Tuesday, April 19, 2005

The Man Who Was Never Bored

Here's an argument that you don't need to leave your room to travel and grow. From Dirda's review of A Journey Around My Room, By Xavier de Maistre, in this Sunday's Book World.

Confined to his quarters for 42 days as punishment for dueling, the French soldier Xavier de Maistre (1763-1852) decided to undertake a journey around his room. By treating his bed, his armchair, the artworks on the wall and his small library as major tourist sites, he planned to reflect upon their history, their importance to him, and the philosophical questions that they brought to mind. Just as some Shelleyan romantic might stand before the grandeur of Mont Blanc or weep amid the ruins of the Parthenon, so de Maistre would thrillingly confront the ordinary objects around him -- and really see them for the first time. As he proved to himself, "The perceptions of the mind, the sensations of the heart, the very memories of the senses, are inexhaustible sources of pleasure and happiness for man."
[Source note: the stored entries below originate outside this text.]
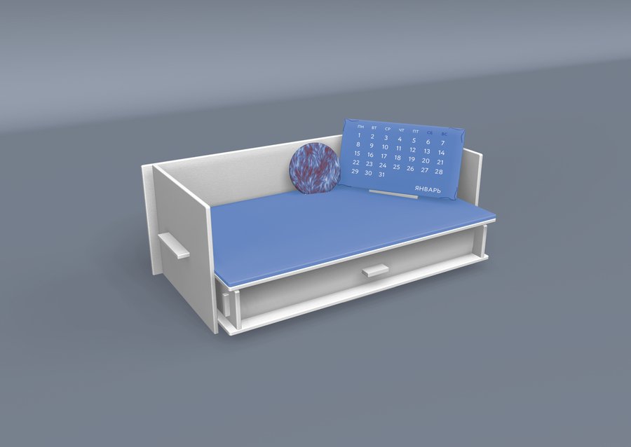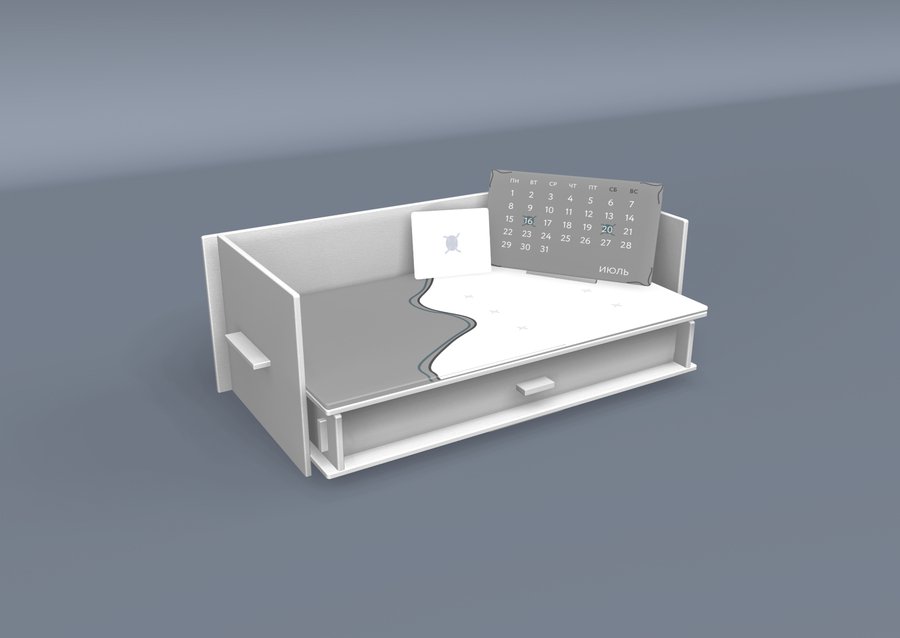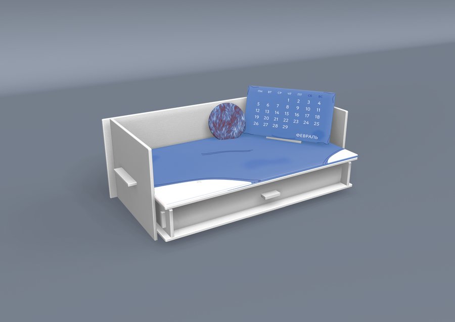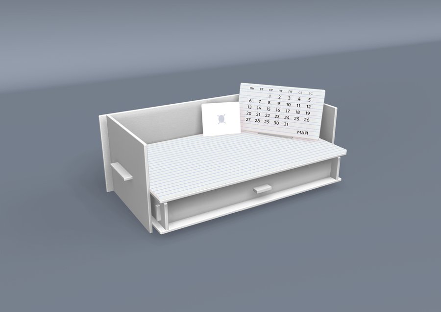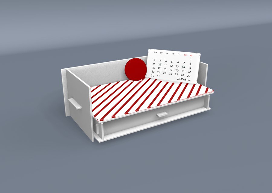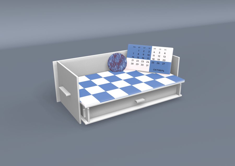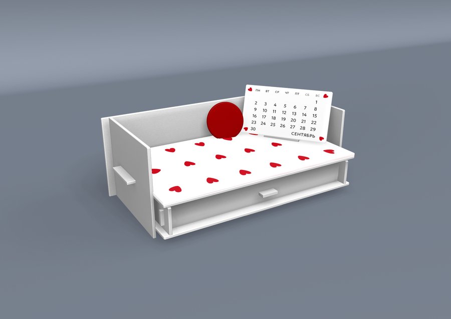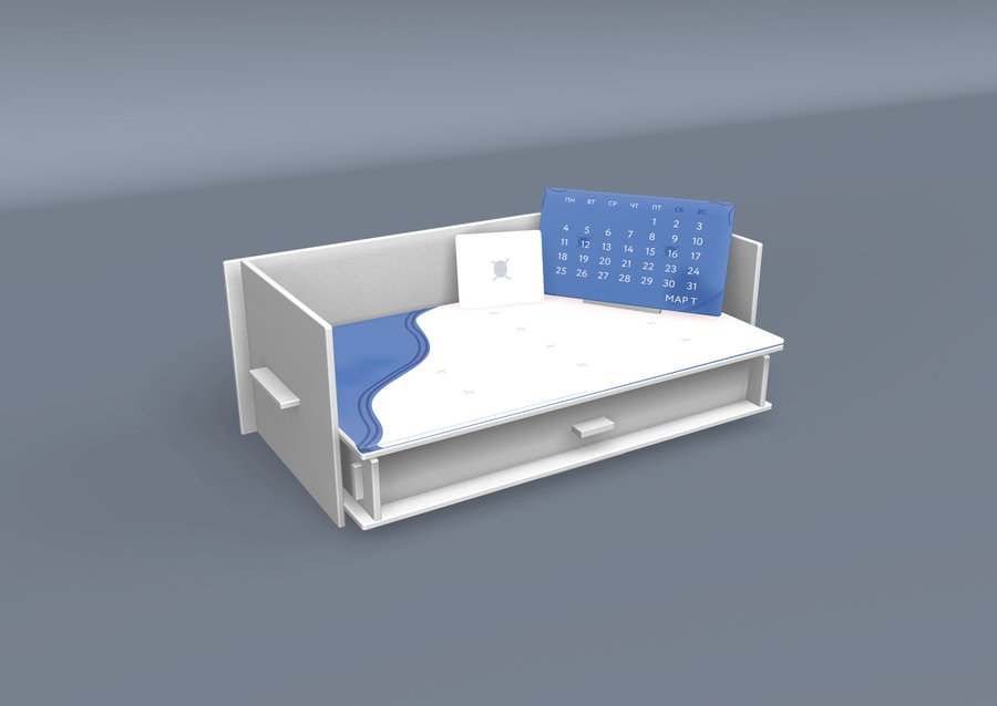 Тиражный календарь на 2024 год в виде кровати-конструктора.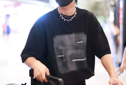 段星星从北京机场出发。照片中,他全黑look穿搭酷帅十足,手推行...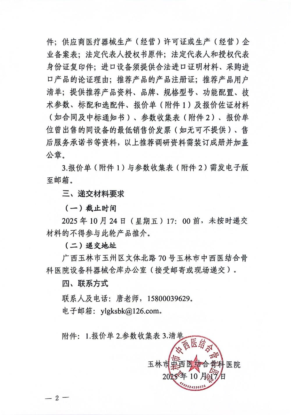 玉林市中西医结合骨科医院关于脊柱椎间孔镜微创手术器械的市场调研公告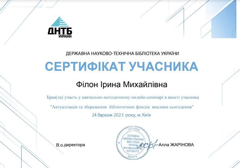 У сучасному інформаційному суспільстві роль бібліотекарів значно зросла, перетворюючи їх на важливих провідників у світі знань та інформації. Бібліотекарі активно беруть участь у різних заходах, включаючи вебінари та тренінги, де вони здобувають нові знання та отримують сертифікати. Професійний розвиток у бібліотечній сфері стає ключовим елементом кар’єрного зростання, адже бібліотечна освіта забезпечує необхідні навички та компетенції для ефективного виконання своїх обов’язків. Участь у таких заходах допомагає бібліотекарям залишатися в курсі сучасних тенденцій, впроваджувати інноваційні підходи та підвищувати рівень інформаційної грамотності користувачів.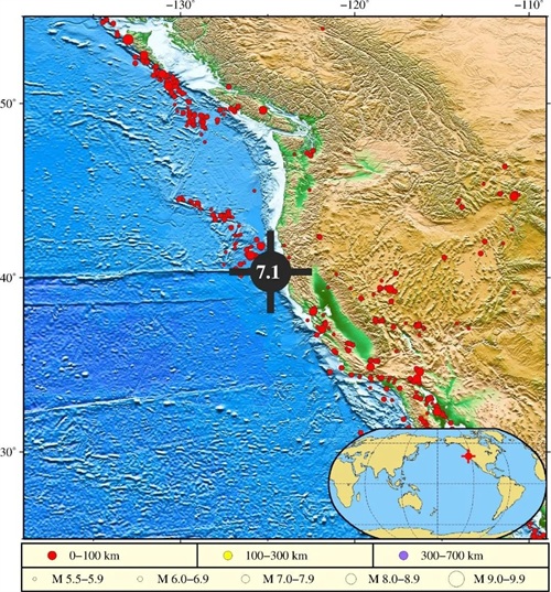 地震发生后,美国国家海啸预警中心发布加州北部海岸沿线地区海啸警报,范围包括加利福尼亚州和俄勒冈州的沿海地区。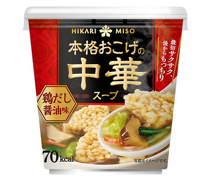「本格おこげの中華スープ」は、中華料理店で出されるように本格おこげ、風味豊かなとろみ中華スープを合わせたカップスープ。おこげを後入れすることで、最初はサクサクした食感、食べるうちにもちもちした食感を楽しめる。「鶏だし醤油カップ」と「海鮮しおカップ」を提案する。2品ともに同270円。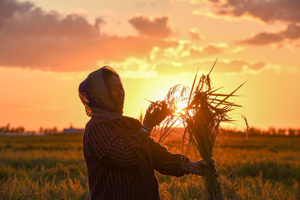 2023年9月12日,在吉林省吉林市永吉縣萬昌鎮花家村,農民手持收獲的水稻。新華社記者 張楠 攝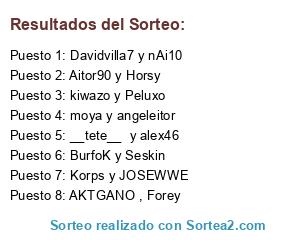 Lista de participantes: BurfoK y Seskin, AKTGANO , Forey, moya y angeleitor, Aitor90 y Horsy, Davidvilla7 y nAi10, __tete__ y alex46, kiwazo y Peluxo, Korps y JOSEWWE.

William Blake said that one could "see a world in a grain of sand/ and a heaven in a wild flower/ Hold infinity in the palm of your hand/ And eternity in an hour." De Maistre's A Journey Around My Room (1795) and its sequel, A Nocturnal Expedition Around My Room (1825), might be test cases for that proposition. Life, after all, gains value from the intensity of one's engagement with it. By acts of concerted attention, we can invest even the most ordinary activities or objects with meaning, purpose and satisfaction. "A bed," writes de Maistre, "witnesses our birth and death; it is the unvarying theatre in which the human race acts out, successively, its captivating dramas, laughable farces, and dreadful tragedies. It is a cradle bedecked with flowers; -- it is the throne of love; -- it is a sepulchre."


This review really changed my outlook on life. As I look here around my office space, I ponder the rich history of neutral-colored modular furniture. I think of the genius and creativity that it must have taken to invent tile carpeting. And if it weren't for the ergonomic chair, my ass nerves would surely have been pinched to oblivion by now...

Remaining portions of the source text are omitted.